__Exercise requirements__.
Once the line holding "The young women" is found in the entries below, restate it and each line after it word for word, with no pictures.

● ● ● ●

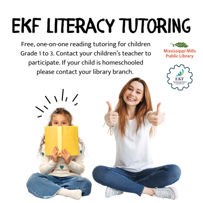 The Elizabeth Kelly Foundation (EKF) is generously funding a free one-on-one literacy tutoring program for children in Grades 1 to 3, offered at the Mississippi Mills Public Library.
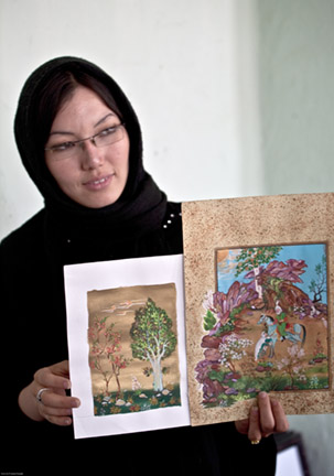 The young women learn traditional Afghan art such as miniature painting as well as working to create a new form of Contemporary Afghan art.
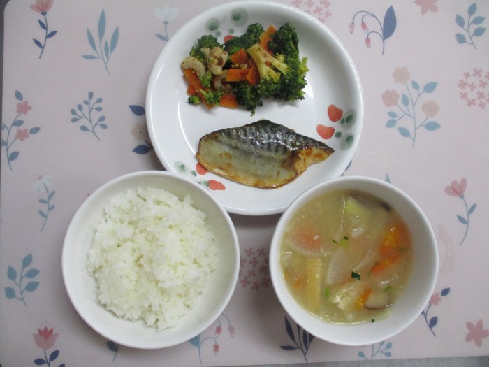 | 献立名 | ごはん 鯖の塩焼き ブロッコリーのおかか和え 具沢山みそ汁 |
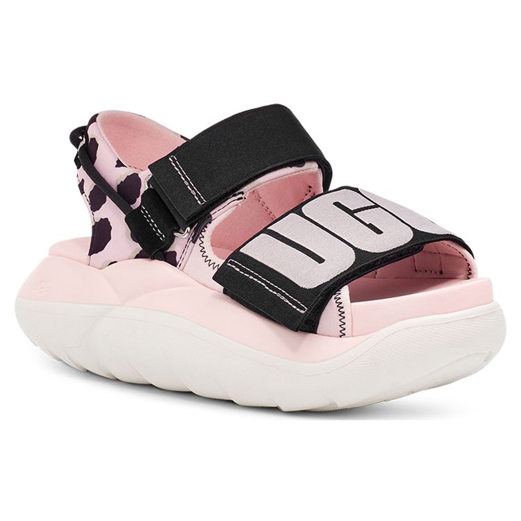 UGG La Cloud Series двухслойные легкие дышащие босоножки из коровьей кожи с леопардовым принтом модные женские босоножки ярко-розовые 1126951-PPBK
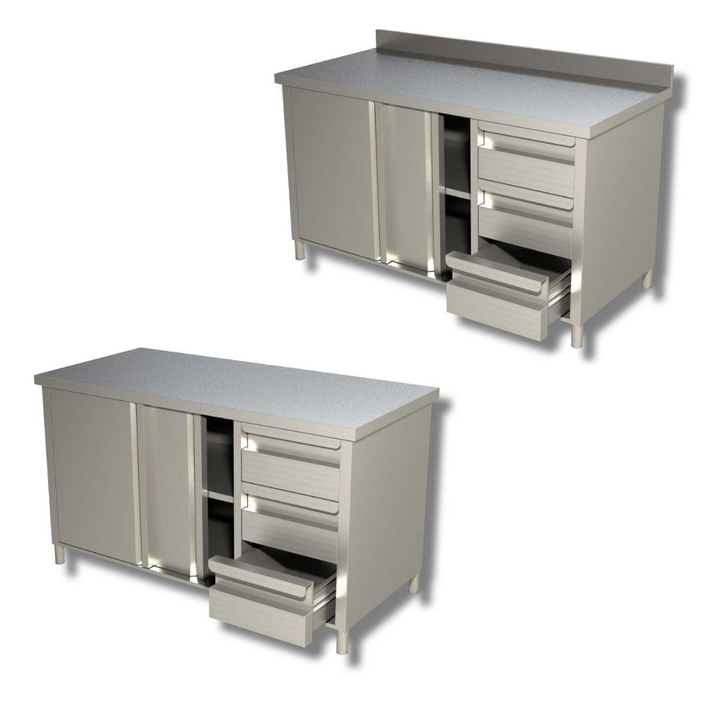 Tavolo armadiato con porte scorrevoli e 3 cassetti a destra – acciaio inox – Profondità 70 cm

● ● ● ●

__Output__.
 The young women learn traditional Afghan art such as miniature painting as well as working to create a new form of Contemporary Afghan art.
 | 献立名 | ごはん 鯖の塩焼き ブロッコリーのおかか和え 具沢山みそ汁 |
 UGG La Cloud Series двухслойные легкие дышащие босоножки из коровьей кожи с леопардовым принтом модные женские босоножки ярко-розовые 1126951-PPBK
 Tavolo armadiato con porte scorrevoli e 3 cassetti a destra – acciaio inox – Profondità 70 cm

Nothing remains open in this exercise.